---- INFORMATION SUPPLIED

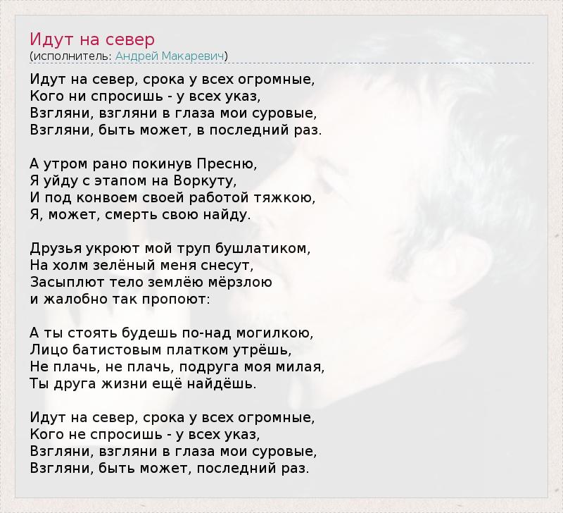 Идут на север, срока у всех огромные, Кого ни спросишь - у всех указ, Взгляни, взгляни в глаза мои суровые, Взгляни, быть может, в последний раз. А утром рано покинув Пресню, Я уйду с этапом на Воркуту, И под конвоем своей работой тяжкою, Я, может, смерть свою найду. Друзья укроют мой труп бушлатиком, На холм зелёный меня снесут, Засыплют тело землёю мёрзлою и жалобно так пропоют: А ты стоять будешь по-над могилкою, Лицо батистовым платком утрёшь, Не плачь, не плачь, подруга моя милая, Ты друга жизни ещё найдёшь. Идут на север, срока у всех огромные, Кого не спросишь - у всех указ, Взгляни, взгляни в глаза мои суровые, Взгляни, быть может, последний раз.
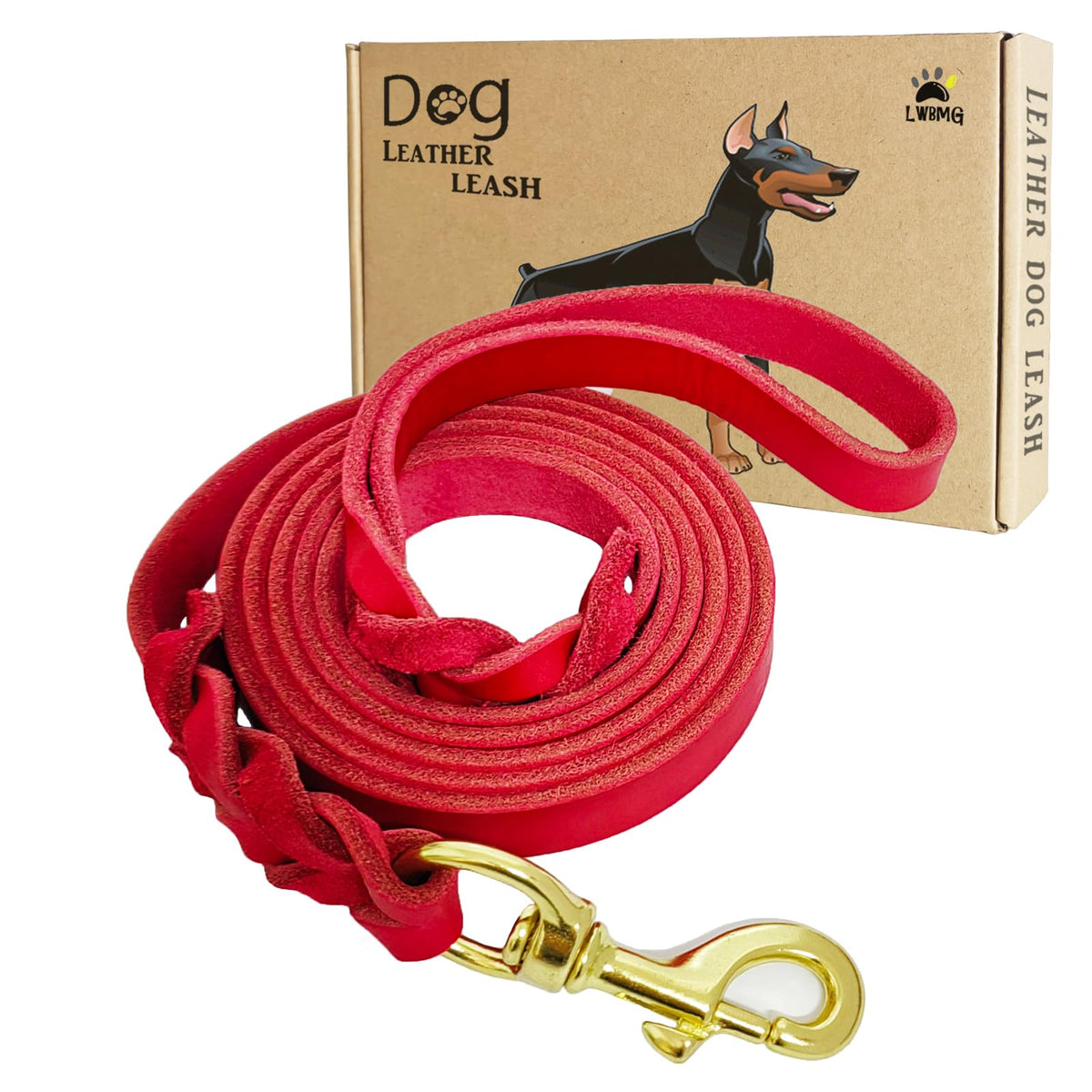 Lwbmg Leather Dog Leash - 6Ft Heavy Duty, Braided, Comfortable For Large, Medium & Small Dogs - Red
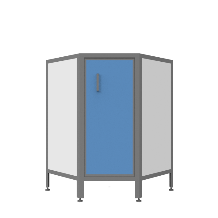 Каркас стола изготовлен из прочного алюминиевого профиля, который покрыт листами ЛДСП толщиной 8 мм для дополнительной прочности и долговечности конструкции. Столешница выполнена из ЛДСП толщиной 16 мм и предусматривает врезанную мойку для удобства использования. Отделение под столешницей оснащено удобной дверкой, обеспечивающей возможность хранения необходимых материалов и оборудования.

--------

WHAT YOU ARE ASKED TO DO
Each line above should be printed again exactly, though the pictures should not be.

SOLUTION TO THIS PROBLEM
 Идут на север, срока у всех огромные, Кого ни спросишь - у всех указ, Взгляни, взгляни в глаза мои суровые, Взгляни, быть может, в последний раз. А утром рано покинув Пресню, Я уйду с этапом на Воркуту, И под конвоем своей работой тяжкою, Я, может, смерть свою найду. Друзья укроют мой труп бушлатиком, На холм зелёный меня снесут, Засыплют тело землёю мёрзлою и жалобно так пропоют: А ты стоять будешь по-над могилкою, Лицо батистовым платком утрёшь, Не плачь, не плачь, подруга моя милая, Ты друга жизни ещё найдёшь. Идут на север, срока у всех огромные, Кого не спросишь - у всех указ, Взгляни, взгляни в глаза мои суровые, Взгляни, быть может, последний раз.
 Lwbmg Leather Dog Leash - 6Ft Heavy Duty, Braided, Comfortable For Large, Medium & Small Dogs - Red
 Каркас стола изготовлен из прочного алюминиевого профиля, который покрыт листами ЛДСП толщиной 8 мм для дополнительной прочности и долговечности конструкции. Столешница выполнена из ЛДСП толщиной 16 мм и предусматривает врезанную мойку для удобства использования. Отделение под столешницей оснащено удобной дверкой, обеспечивающей возможность хранения необходимых материалов и оборудования.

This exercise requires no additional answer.